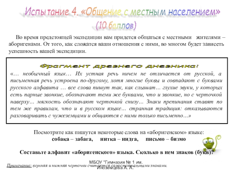 «… необычный язык… Их устная речь ничем не отличается от русской, а письменная речь устроена по-другому, хотя многие буквы и совпадают с буквами русского алфавита … все слова пишут так, как слышат… глухие звуки, у которых есть парные звонкие, обозначают теми же буквами, что и звонкие, но с черточкой наверху… мягкость обозначают черточкой снизу… Знаки препинания ставят по тем же правилам, что и в русском языке… странная традиция: отказываются разговаривать с чужеземцами и общаются с ними только письменно…»
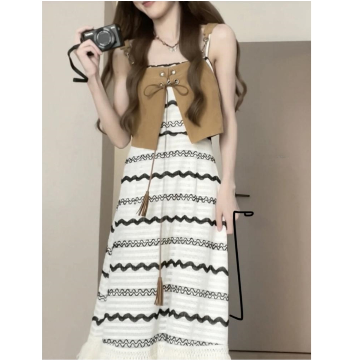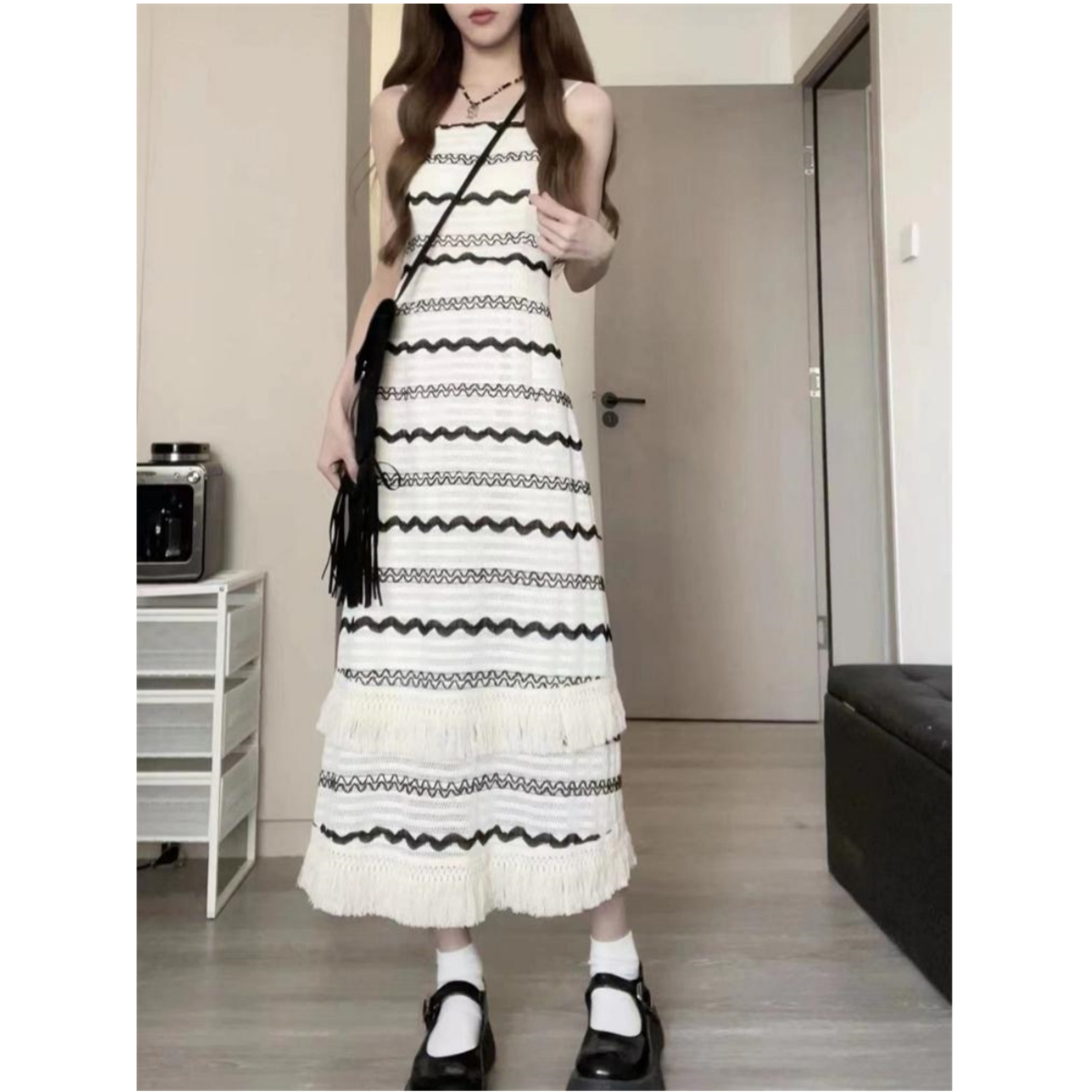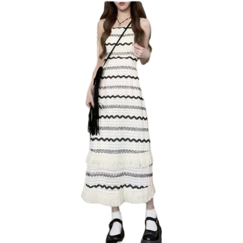 黑色波浪紋流蘇吊帶洋裝女夏季法式復古小個子過膝長裙顯瘦裙子
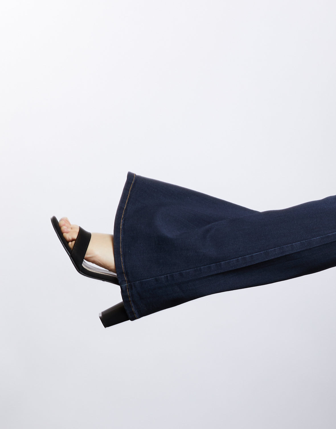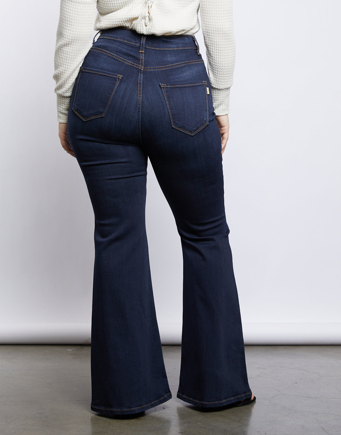 - Features a high-waisted cut that hugs the waist perfectly, a simple dark blue wash, and bell bottoms.?
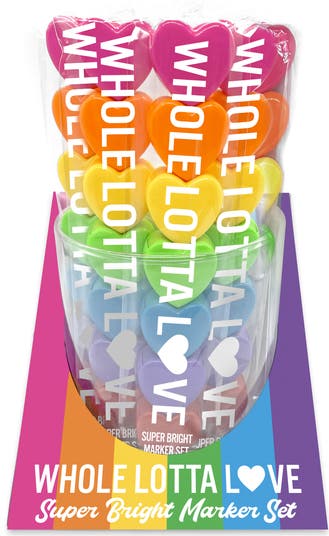 This jumo set of six super bright markers with a heart-shaped handle and a chisel tip are sure to be a favorite during arts-and-crafts times.
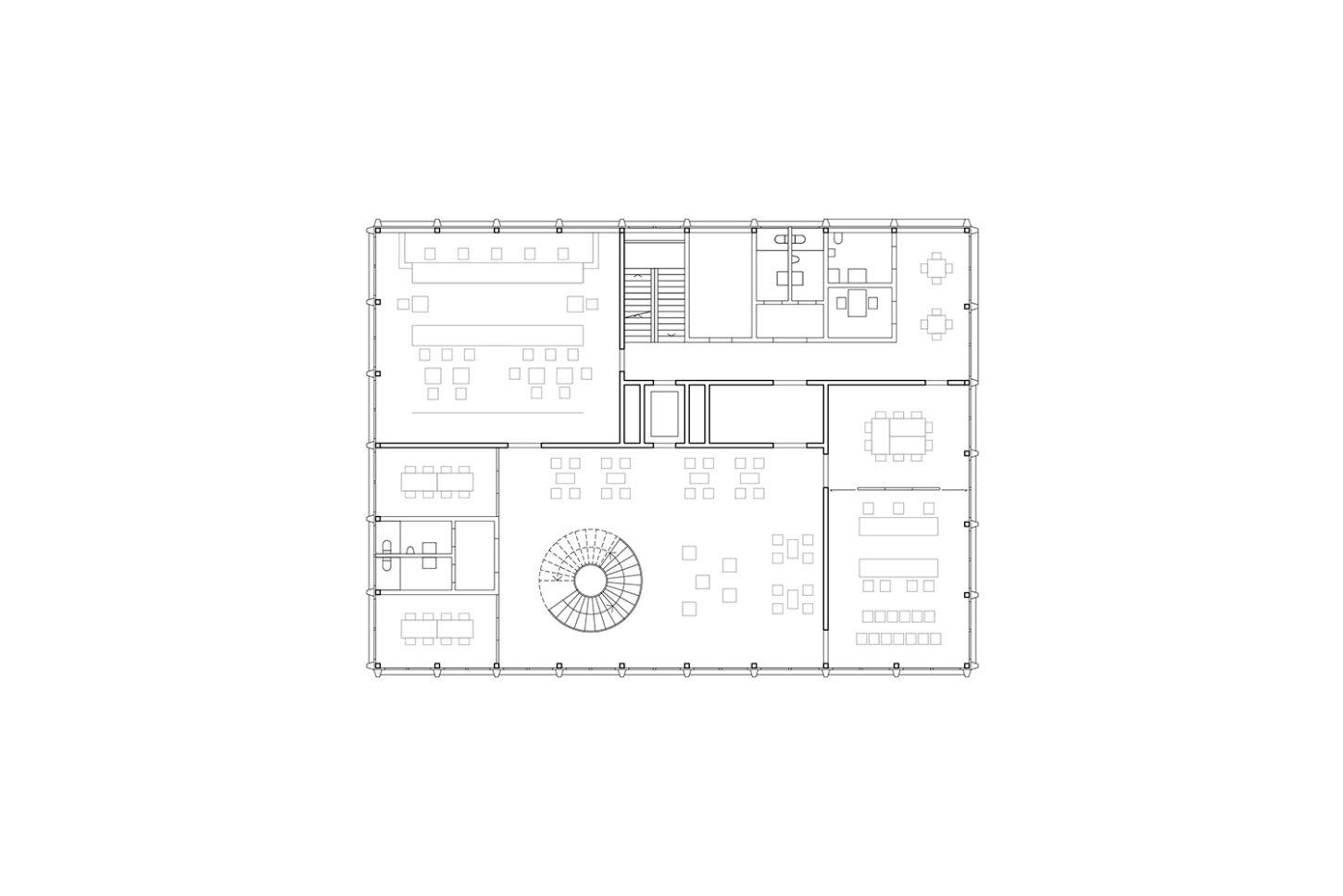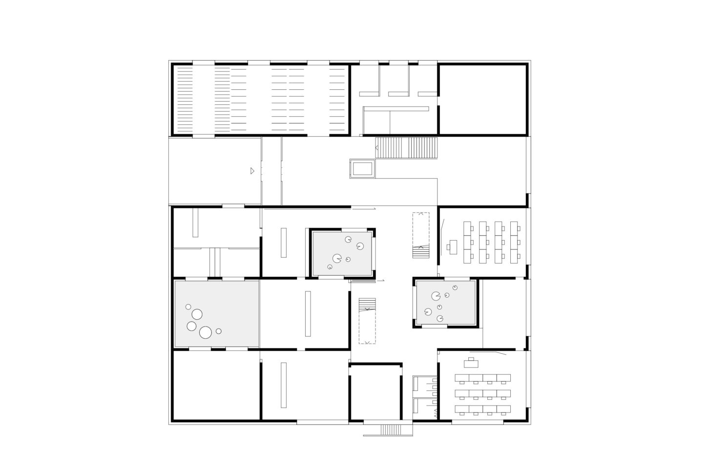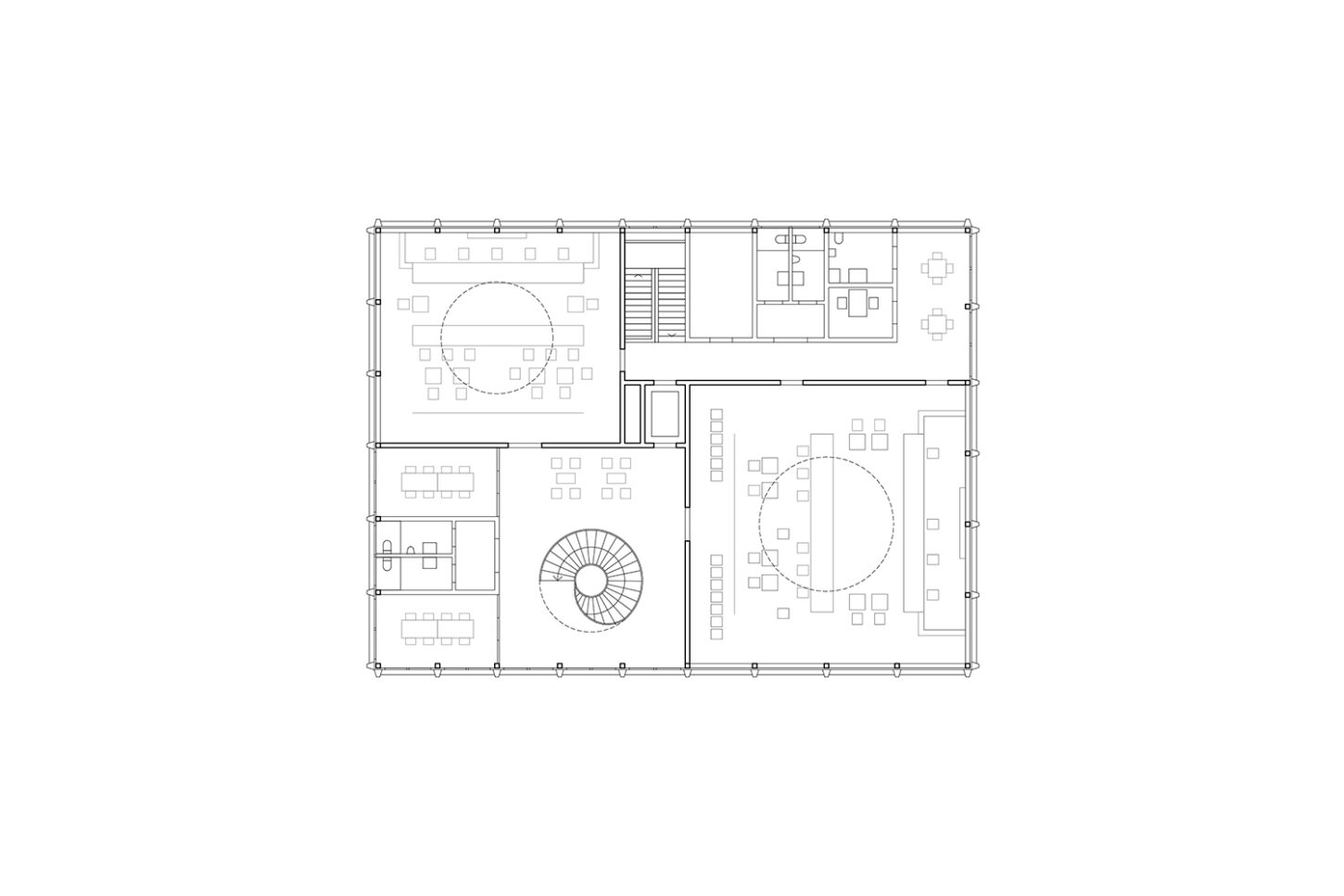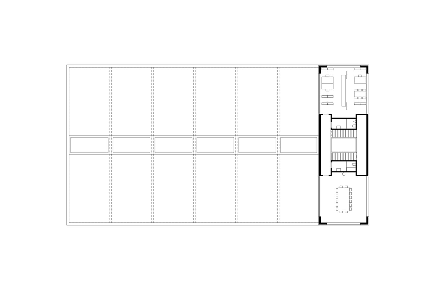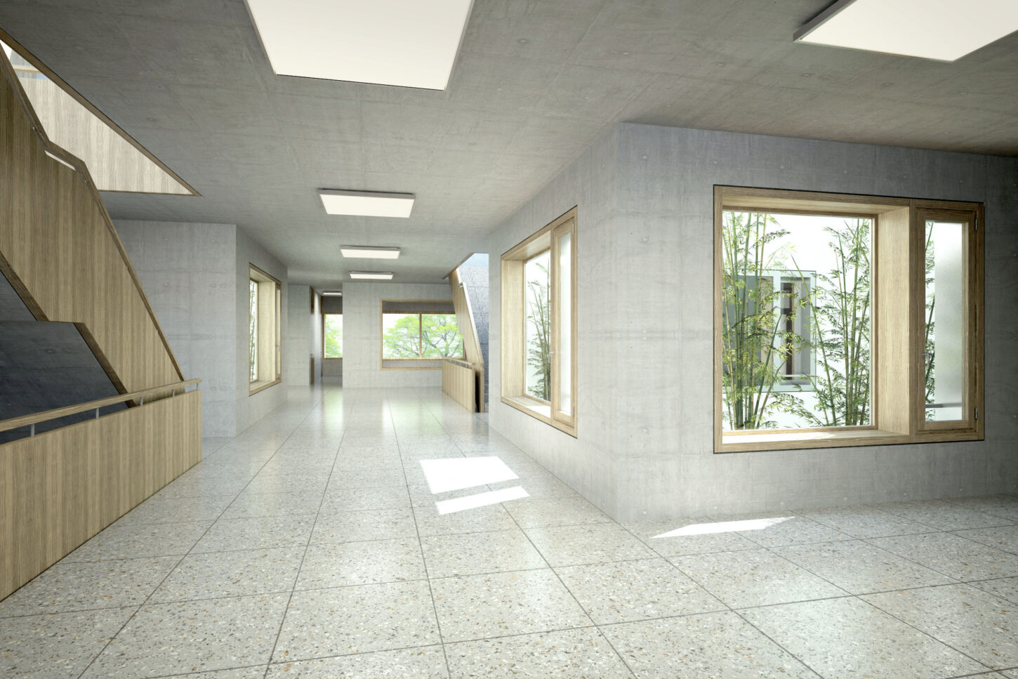 In den unteren beiden halböffentlichen Geschossen fügen sich die Arbeitsflächen, Mensa und Konferenzraum zu einem Kontinuum mit vielfältigen Ein- und Ausblicken zusammen. Der Sichtbeton wird durch Akustikverkleidungen aus Eiche und grüner Firmenfarbe ergänzt. Die weisse Baffeldecke sorgt nicht nur für Kühlung, sondern lässt durch ihre Zwischenräume auch sanftes, natürliches Licht einfallen.
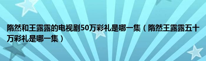 大家好,小安來為大家講解下。隋然和王露露的電視劇50萬彩禮是哪一集,隋然王露露五十萬彩禮是哪一集很多人還不知道,現在讓我們一起來看看吧!
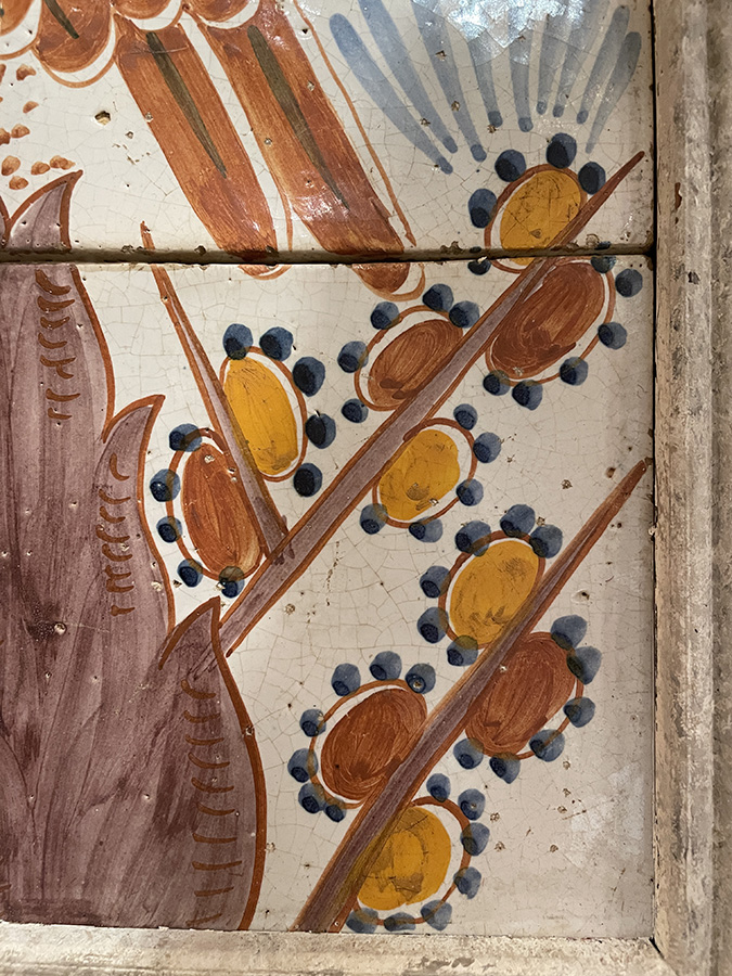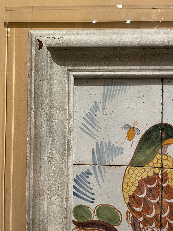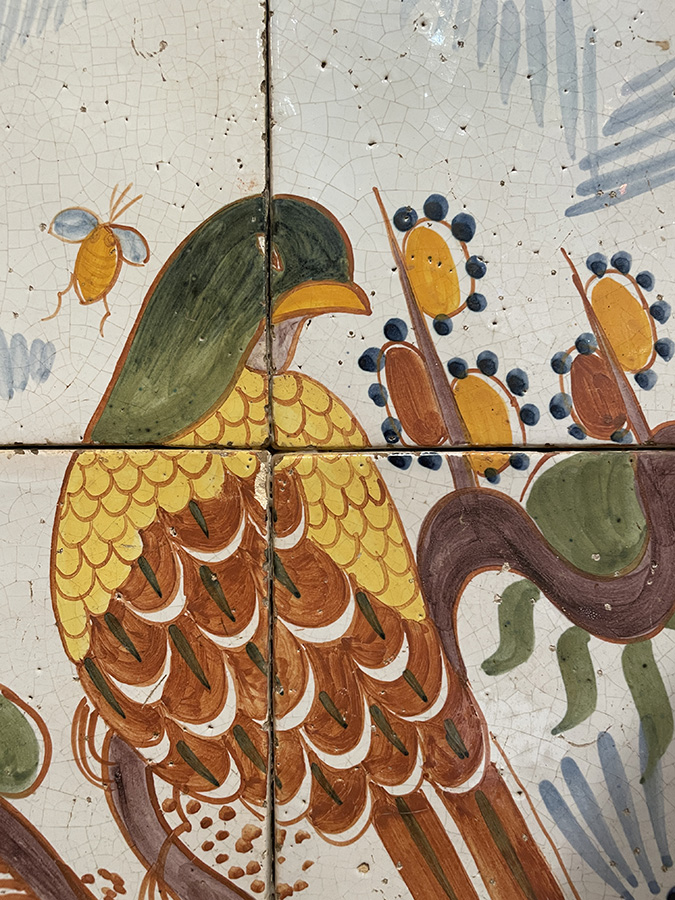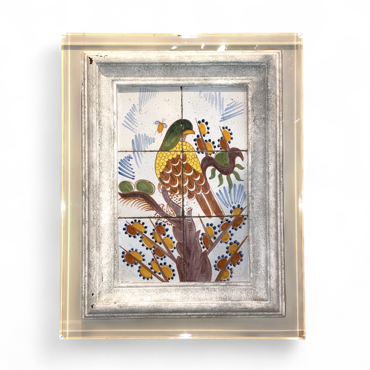 Dutch Delft polychrome tile panel of a parrot. Early 18th C. Six tile composition, depicting bird with insect, in yellow, green, manganese and cobalt hue glazes on tin-glazed ground. From the Caroline Faison Antiques Collectoin.
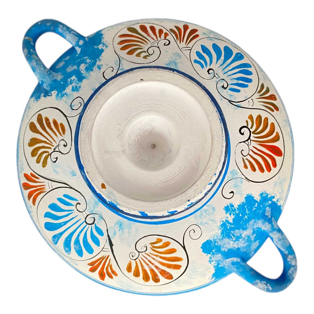 Verschönern Sie Ihre Einrichtung mit einem antiken griechischen Kylix im minoischen Stil. Ein Kylix ist ein altgriechischer Trinkbecher mit einer breiten, flachen Schale und zwei horizontalen Henkeln. Er war oft mit mythologischen Szenen verziert und wurde häufig bei Banketten und Symposien verwendet.
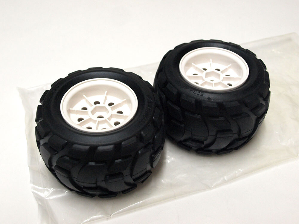 【M1833A】タミヤ WR-02他 リヤ タイヤ・ホイール 2個 未接着(ラウンドブロック バブル タイヤ 後輪 六角ハブ スペア パーツ 田宮)
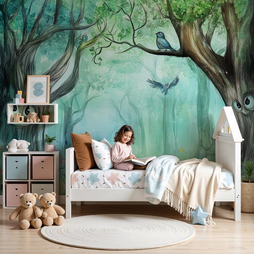Mostrar todos os detalhesPapel de parede criança | Floresta encantada com árvores sorridentes e pássaros brincalhões
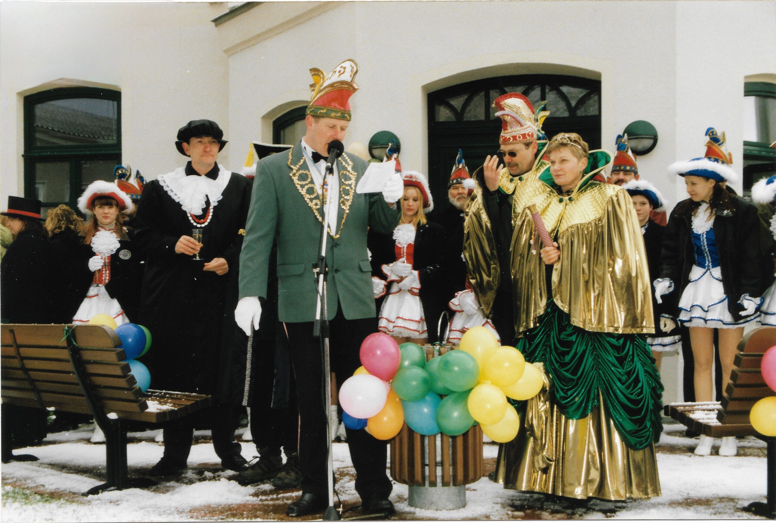 Denn wir waren das Prinzenpaar, das den Übergang in das neue Jahrtausend begleitete. Der viel beschworene Millennium-Crash blieb glücklicherweise aus – vielleicht auch, weil das Rathaus zu dieser Zeit saniert wurde. So fand die Schlüsselübergabe nicht wie gewohnt dort statt, sondern vor der Alten Schule.
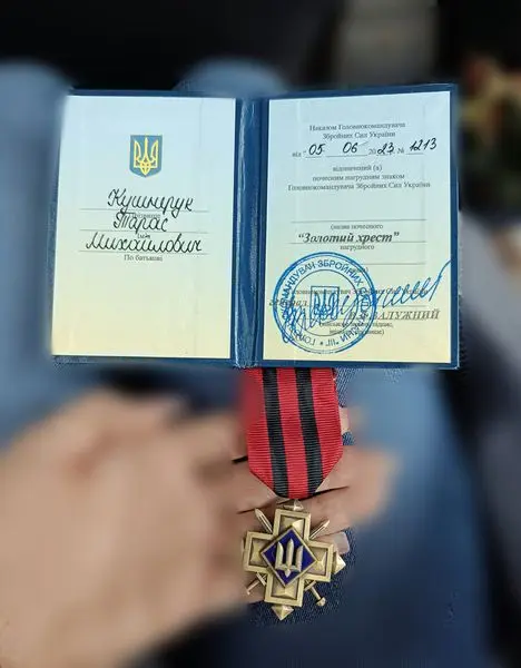 За проявлену мужність і успішне виконання завдання під час бою нагрудний знак Головнокомандувача Валерія Залужного "Золотий хрест" отримав Тарас Кушнерук.

**TO DO:**
From the line containing "Dutch Delft polychrome" through the last line of the entries, both included, print each line exactly and omit any picture.

**SOLUTION TO THIS PROBLEM:**
 Dutch Delft polychrome tile panel of a parrot. Early 18th C. Six tile composition, depicting bird with insect, in yellow, green, manganese and cobalt hue glazes on tin-glazed ground. From the Caroline Faison Antiques Collectoin.
 Verschönern Sie Ihre Einrichtung mit einem antiken griechischen Kylix im minoischen Stil. Ein Kylix ist ein altgriechischer Trinkbecher mit einer breiten, flachen Schale und zwei horizontalen Henkeln. Er war oft mit mythologischen Szenen verziert und wurde häufig bei Banketten und Symposien verwendet.
 【M1833A】タミヤ WR-02他 リヤ タイヤ・ホイール 2個 未接着(ラウンドブロック バブル タイヤ 後輪 六角ハブ スペア パーツ 田宮)
Mostrar todos os detalhesPapel de parede criança | Floresta encantada com árvores sorridentes e pássaros brincalhões
 Denn wir waren das Prinzenpaar, das den Übergang in das neue Jahrtausend begleitete. Der viel beschworene Millennium-Crash blieb glücklicherweise aus – vielleicht auch, weil das Rathaus zu dieser Zeit saniert wurde. So fand die Schlüsselübergabe nicht wie gewohnt dort statt, sondern vor der Alten Schule.
 За проявлену мужність і успішне виконання завдання під час бою нагрудний знак Головнокомандувача Валерія Залужного "Золотий хрест" отримав Тарас Кушнерук.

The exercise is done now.